Großeltern können für ihr Enkelkind auch dann Kindergeld erhalten, wenn Mutter und Kind zwar aus dem gemeinsamen Haushalt mit den Großeltern ausziehen, das Kind aber tatsächlich überwiegend nach wie vor im Haushalt der Großeltern betreut und versorgt wird. Dies hat das Finanzgericht (FG) Rheinland-Pfalz entschieden.

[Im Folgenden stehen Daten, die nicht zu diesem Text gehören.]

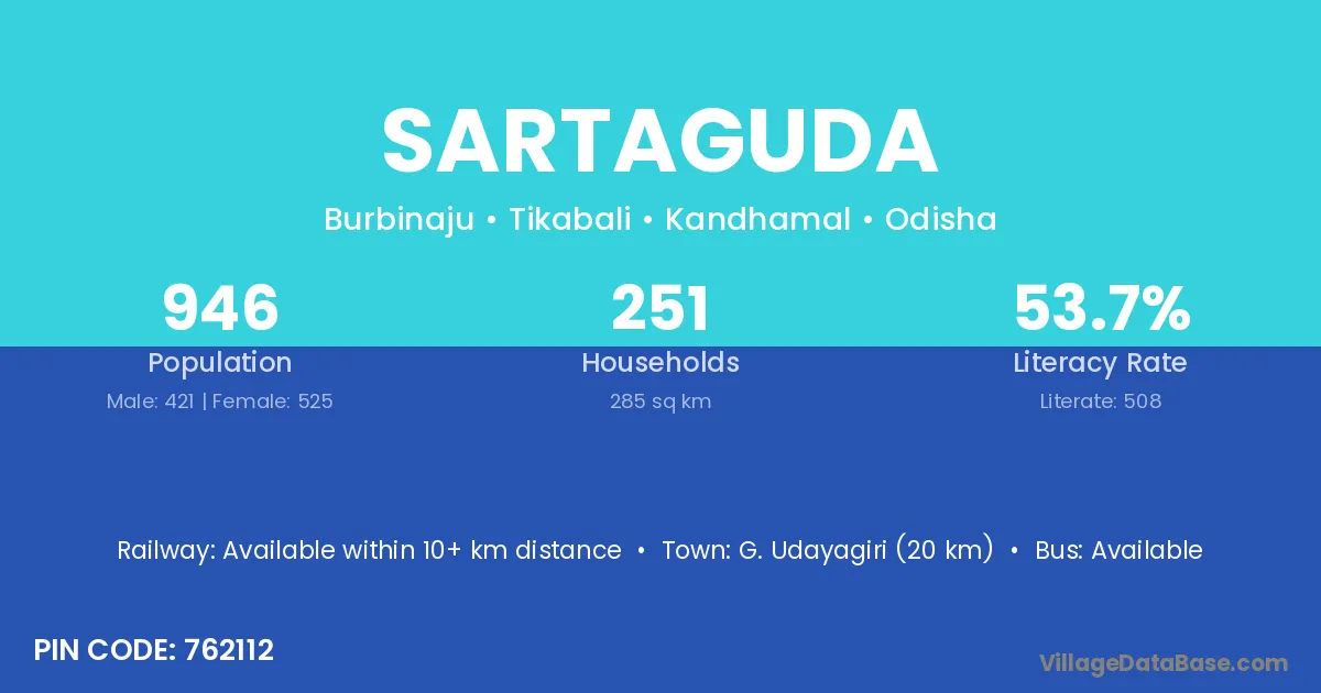 G. Udayagiri (20 km) is the nearest town to Sartaguda village for major economic activities and is located approximately 20 km away.

Der Kläger erhielt bis Mai 2015 für seine drei Kinder C., L. und N. und für seine Enkeltochter M. Kindergeld. Als Teil seiner Beamtenbesoldung erhielt er außerdem einen so genannten Familienzuschlag, dessen Höhe von der Anzahl der Kinder abhängig ist, für die ein Beamter Anspruch auf Kindergeld hat. Die drei Kinder des Klägers und auch sein Enkelkind M. (die Tochter von C.) lebten in seinem Haushalt. Sowohl seine Ehefrau als auch seine Tochter C. waren mit der Zahlung an ihn einverstanden.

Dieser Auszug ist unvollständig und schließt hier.